I too cringe when I hear people label themselves as sick or weak or an addict. It suggests that they are flawed as a person. One may have diabetes or high blood pressure. That should not mean that they are a diabetic or a hypertensive, a person labelled as “flawed”. I wish to emphasize the same with anxiety or depression. When anyone is confronted by a situation that is beyond their understanding, it is natural to feel overwhelmed, to be afraid, anxious, insecure. This is a natural protective instinct. If prolonged or triggered too easily or too intensely, that natural instinct can become debilitating.

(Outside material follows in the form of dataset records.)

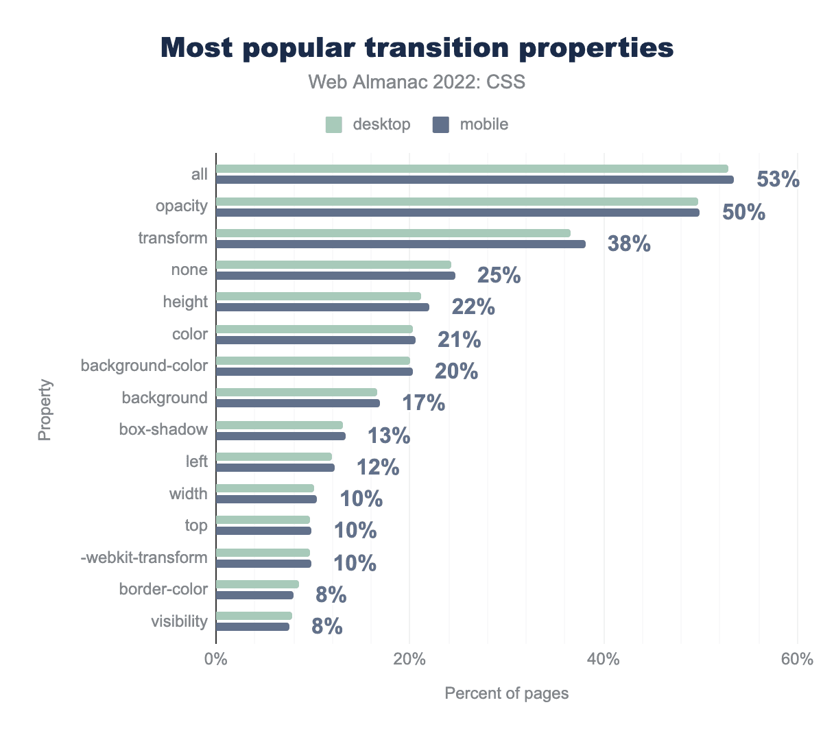昨年と同様、もっとも一般的な使用法は、allキーワードですべてのアニメート可能なプロパティにトランジションを適用することです。この使用法は7ポイント増の53%に達し、次いで50%のページで opacity が使用されています。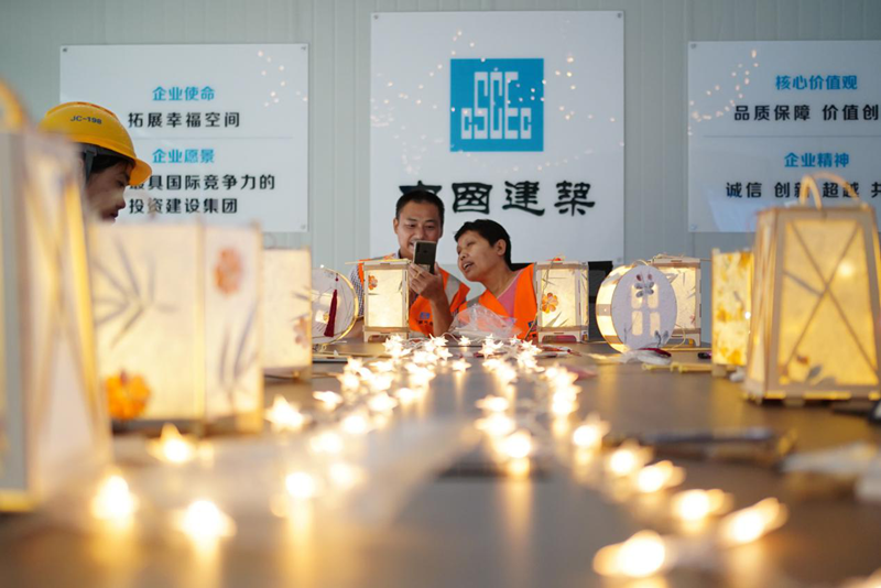9月29日,在中建三局苏州狮山广场项目上,职工和工友以做花灯的形式,托物寄情,话续乡情,感受传统节日氛围。期间,不少工友纷纷拿起手机和家人通起了电话。“嫂子,过的好不好啊?快看!我们在做手工灯笼呢!”祝国伢、陈艳娥和自己远在湖北孝感的亲人通话时说。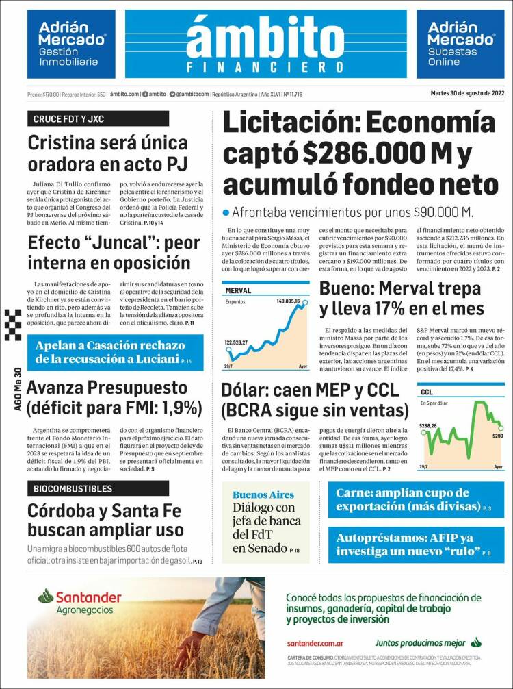Portadas de los principales diarios nacionales | Martes 30 de agosto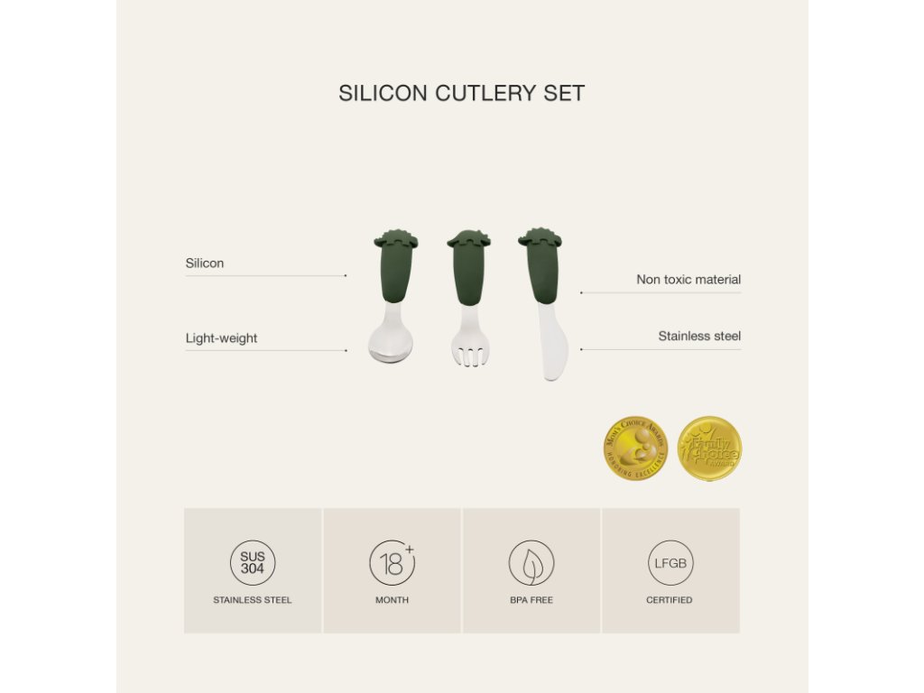 Příbory jsou vyrobeny z potravinářské nerezové oceli třídy 304 prodlužující životnost výrobku, rukojeti jsou ze silikonu.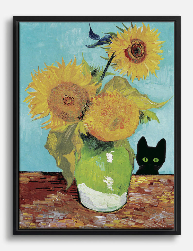 A burst of golden sunflowers meets a playful pop of personality—this piece instantly brightens any space with its bold color and unexpected twist. The curious black cat peeking from behind the vase adds a spark of whimsy, making every glance feel like a little surprise.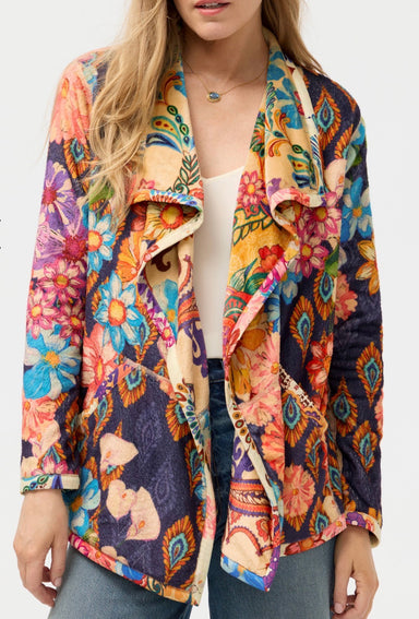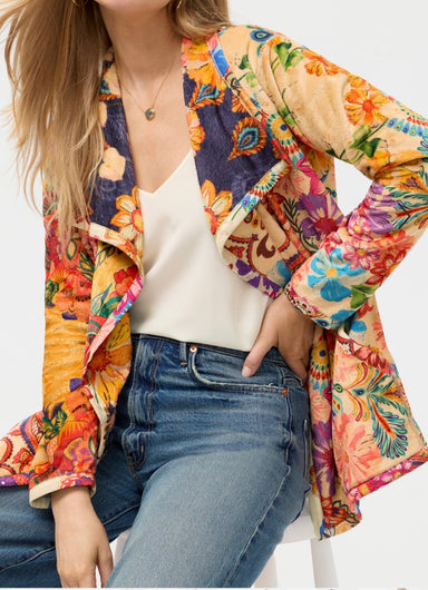 Designed with two uniquely bold patterns, the Joan Wrap Binded Sherpa Jacket is fully reversible. Washed in vibrant color and eye-catching flor...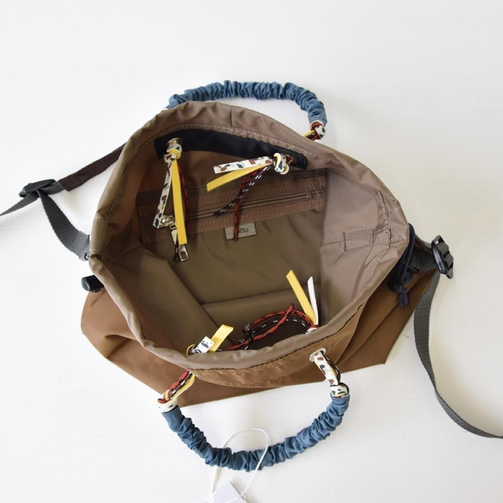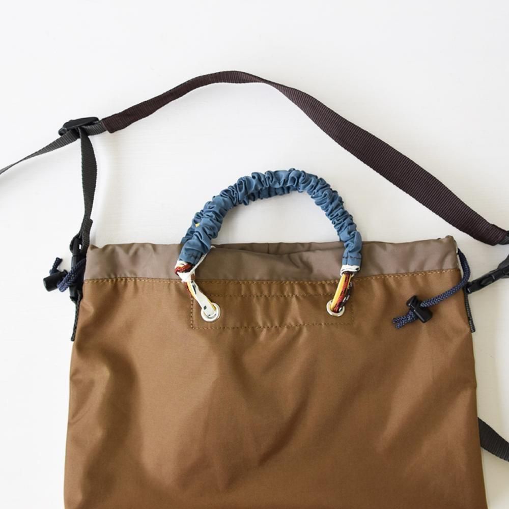 シンプルなデザインのショルダーベルトとオリジナリティ溢れる個性溢れるハンドルの2通り楽しめるトートバッグ。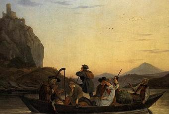 Il dipinto che vedete qui venne accolto con entusiasmo dai contemporanei e costituisce ancora oggi uno dei più popolari di Richter, probabilmente ispirato ad una delle tante escursioni sulle montagne boeme. Nel suo quadro il pittore cerca di raccogliere tutte le età della vita, dall'infanzia alla vecchiaia: la figura del giovane viandante che alza lo sguardo verso le rovine del castello esprime al meglio il sentimento romantico della nostalgia (in tedesco esiste una parola precisa e di difficile traduzione per definirlo sehnsucht); l'osservatore si identifica con questa figura, ritratta di spalle (come il viandante di Friedrich), mentre il vecchio cantore rievoca il tempo che fu. La barca sembra troppo piccola per poter trasportare il carico umano, e appare fissa al centro della corrente del fiume. Il formato dell'opera che ricorda una pala d'altare con il margine superiore arcuato, tende a sottolineare la sacralità e il carattere celebrativo della composizione.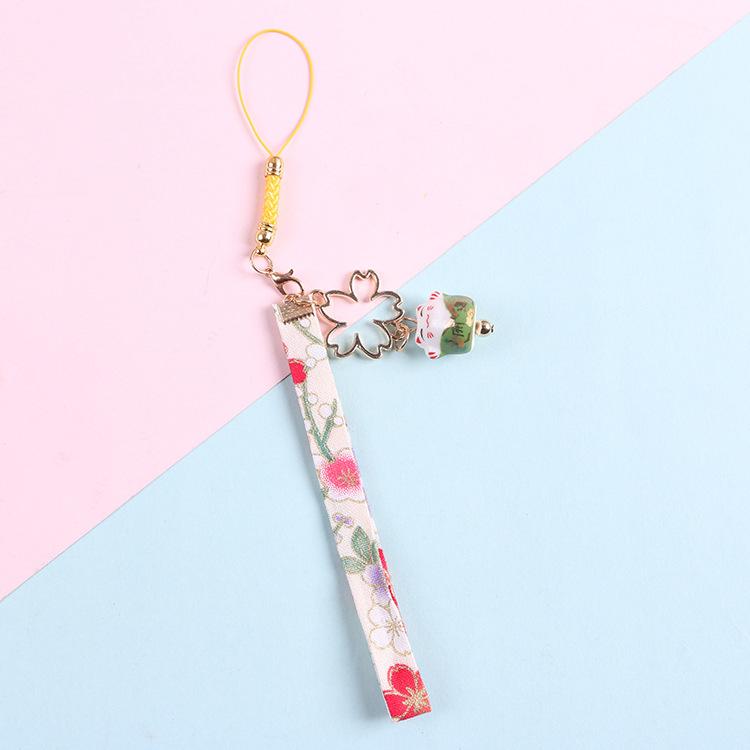 Llavero estilo japonés kawaii para niñas. ¡El gato y las flores significan rico y afortunado!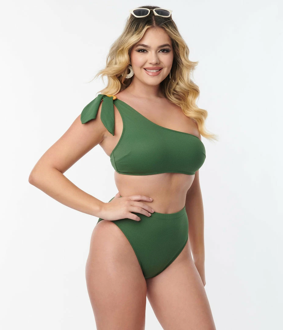 Kingdom & State Green Texture One Shoulder Swim Top Swimwear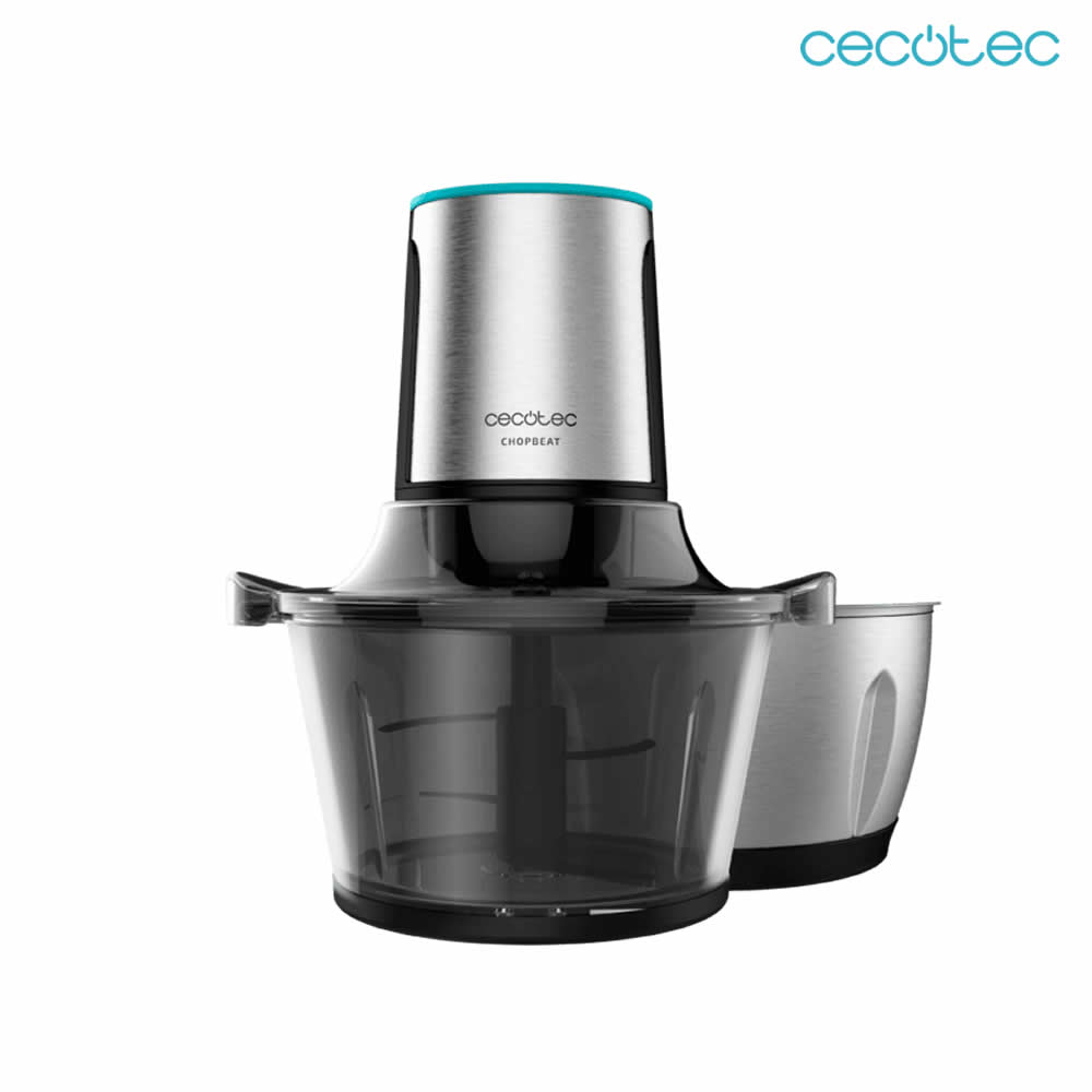 Cecotec Picadora de carne y verduras ChopBeat 1500 TitanBlack Steel de 600 W, con 4 cuchillas de titanio negro, bol de acero inoxidable de 1,5 L y dos velocidades.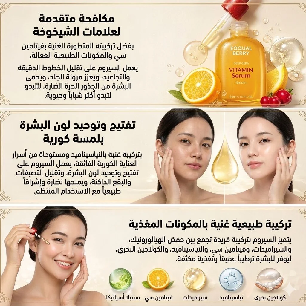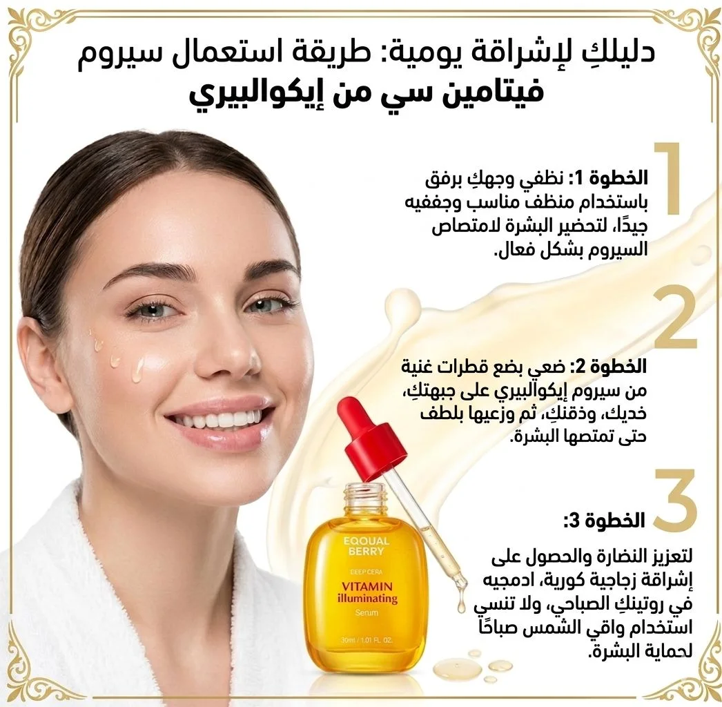"سيروم إيكوال بيري فيتامين سي المضيء" هو منتج قوي وفعال يعمل على توحيد لون البشرة وتقليل ظهور البقع الداكنة. تركيبته الفريدة تضمن لك إشراقة كورية نضرة ومشرقة طوال اليوم. ادمجيه في روتينك اليومي لتحصلي على بشرة ناعمة ومشعة، ولا تنسي استخدام واقي الشمس صباحًا لحماية بشرتك من العوامل الخارجية.

Since the underlying state is how much we understand or how fragile we see our existence, the effect is neither sickness nor weakness but an insufficiency in understanding the parameters of the unknowns and the strength of the self. This can be more easily remedied by one thrust at creating a sturdy self-image than can be effective by creating a new understanding or treatments for each of the multitudinous end stages.

We are not depressed people, neurotics, anxious, sick, or flawed. We are simply intelligent forces who need focused guidance to build (not fix or heal) the power of our mind to comprehend the vastness of our capricious world.